Тяжко вздохнув, Настя решила примириться с обстоятельствами и попыталась включиться в обсуждение текущих дел, но получалось это у нее плохо. Все-таки мозги с самого утра были настроены на то, что осталось всего два дня, а со среды она – вольная пташка, вылетевшая на вольные заработки. Она искренне и горячо любила свою работу, но в данный момент проблема своевременной уплаты налогов казалась ей куда более важной. Если в положенный срок деньги не будут переведены на счет налоговой инспекции, начнет капать пени, по одной десятой процента в день, и не думайте, что это мало. Это три процента в месяц. Для состоятельных людей это, может, и ерунда, а для них с Чистяковым каждая копейка на счету.

Вместо того чтобы внимательно слушать начальника, Настя разглядывала коллег. Коротков стал хорошо выглядеть, после того, как умерла давно болевшая теща, они с женой переставили в квартире мебель и переоборудовали комнаты, теперь Юрке есть где выспаться после бессонных ночей. Да и обычные ночи стали спокойными, без постоянных криков тяжело больной женщины. У сына теперь есть своя комната, и он может приводить в гости друзей. Когда теща скончалась, Коротков занял у Насти семьсот долларов на похороны, было это в ноябре, как раз на День милиции. Отдать с тех пор сумел только триста, когда сможет вернуть остальное – неизвестно, а эти деньги сейчас очень не помешали бы. Но спрашивать Настя не станет, она точно знает, что Юра делает все, что может, чтобы вернуть долг.

Рядом с Коротковым восседает Мишаня Доценко, которого в отделе с некоторых пор называют не иначе как «наш жених». Прошлой осенью он познакомился наконец с Ирочкой Миловановой, родственницей Стасова, и твердо вознамерился жениться.
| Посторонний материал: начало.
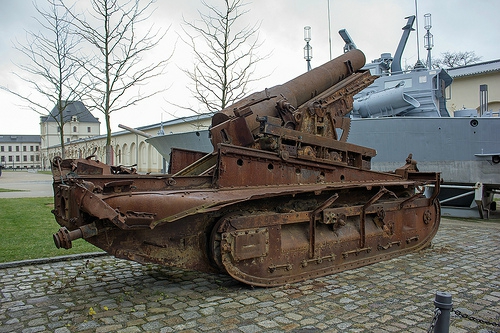 - Complete description : 280 mm quick fire mortar M 1914 Schneider on Saint Chamond tracked carriage
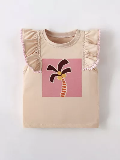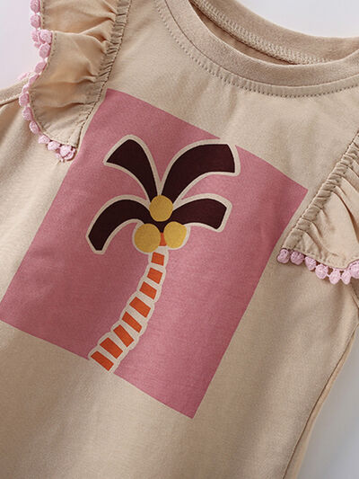 Children's Sleeveless Palm Tree Graphic T-Shirt with Ruffle Trim
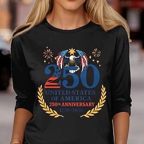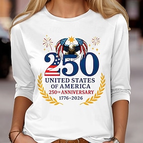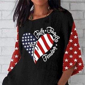 Pentru femei Tricou Tee Top Imprimeu Steagul american Modă Stilat Clasic Manșon Lung Stil Nautic Topuri obișnuite Zilnic Ieșire Sfârșit de săptămână Albastru piscină Negru Alb Roșu-aprins Gri
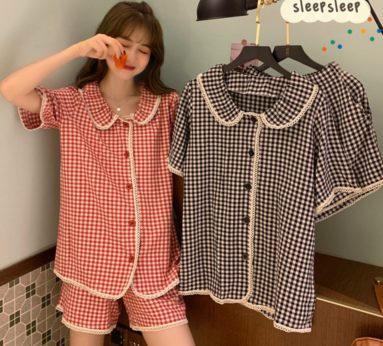 チェック柄 韓国風 パジャマ
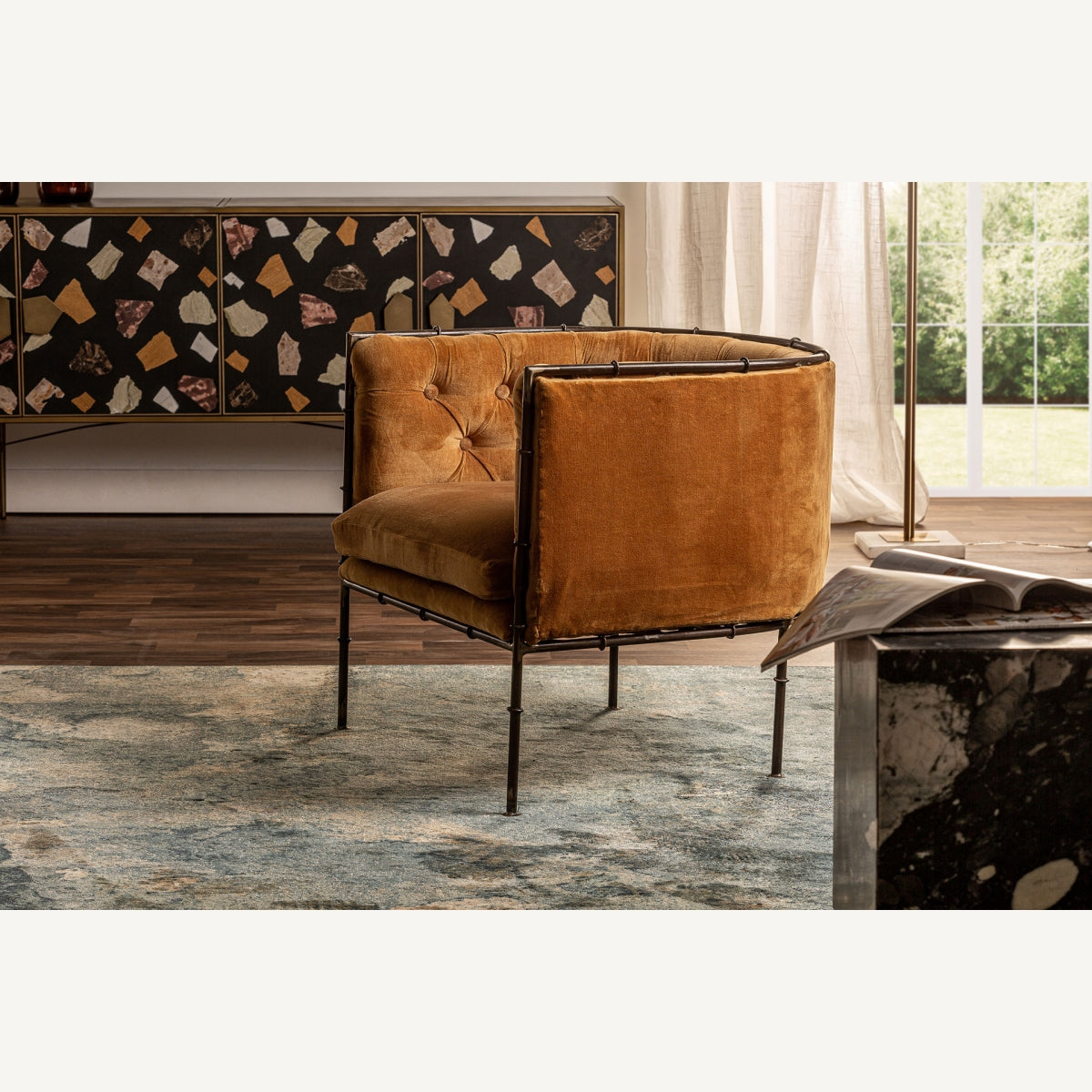 Фотьойл Trivigno, стил винтидж, изработен от желязо в цвят охра, комбиниран с кадифе и дунапрен.

В декабре Доценко собирался подавать заявление, чтобы зарегистрировать брак в апреле, сразу после Пасхи, и сотрудники отдела по борьбе с тяжкими преступлениями против личности уже радостно потирали руки, предвкушая обильный свадебный стол, однако ситуация, развивавшаяся молниеносно, в какой-то момент притормозилась. Ни в декабре, ни в январе заявление в загс подано не было, миновала Пасха, наступило лето, а воз и ныне там. Из всех подчиненных Гордеева Настя, пожалуй, единственная действительно понимала, что произошло.

Игорь Лесников… На него в последнее время смотреть больно. Почернел, глаза потухли и ввалились, стала заметна седина. Игорь всегда был замкнутым, о своих личных делах не распространялся, и что у него происходит – Настя не знала. Факт был налицо: из самого красивого сыщика на Петровке Лесников за какой-то месяц превратился чуть ли не в старика. Во всяком случае, именно таким видела его Настя.

В кабинете Гордеева было душно, поэтому, когда раздались долгожданные слова «Все свободны», сотрудники торопливо потянулись к двери. Придя к себе, Настя с брезгливой миной оглядела комнату и сделала неутешительный вывод о том, что борьбы с пухом все равно не избежать. Пол мыть она, понятное дело, не собирается, но протереть влажной тряпкой стол и компьютер необходимо, не говоря уж о графине с водой и чашках.

– Аська, кофеем выручишь? – послышался голос Короткова у нее за спиной.

– Так и быть, – обрадовалась она, – но не безвозмездно. Цена договорная. На вот тебе тряпочку, ее надо намочить под краном. Вот из этого графинчика надо вылить воду и налить свежую, а вот эти две чашечки надо помыть. В цене сойдемся?

Коротков в изумлении развел руками.

– Ну, мать, ты даешь! Тебе что, даже такую малость лень сделать? Для родного-то начальника?

– Во-первых, ты не целый начальник, а всего лишь зам, – отпарировала Настя. – А во-вторых, ваш мальчиковый туалет в двух шагах отсюда, а наш закрыт на ремонт, и мне, несчастной больной старухе, придется шлепать на третий этаж. Так что, Юрасик, не договоримся?

Юрий безнадежно махнул рукой.

– Ладно, давай сюда тряпку и посуду, что с тобой сделать.

Настя быстренько сунула ему тряпку, графин и чашки.

– Юрась, когда ты вернешься сюда, я тебе один умный вещь скажу, только ты не обижайся.

Пока Коротков отсутствовал, Настя, неловко нагнувшись, собрала с пола самые большие комья пуха, завернула их в бумажную салфетку и выбросила в корзину для мусора.

– Говори свой умный вещь, – потребовал Коротков, вернувшись с мокрой тряпкой, чистыми чашками и графином со свежей водой.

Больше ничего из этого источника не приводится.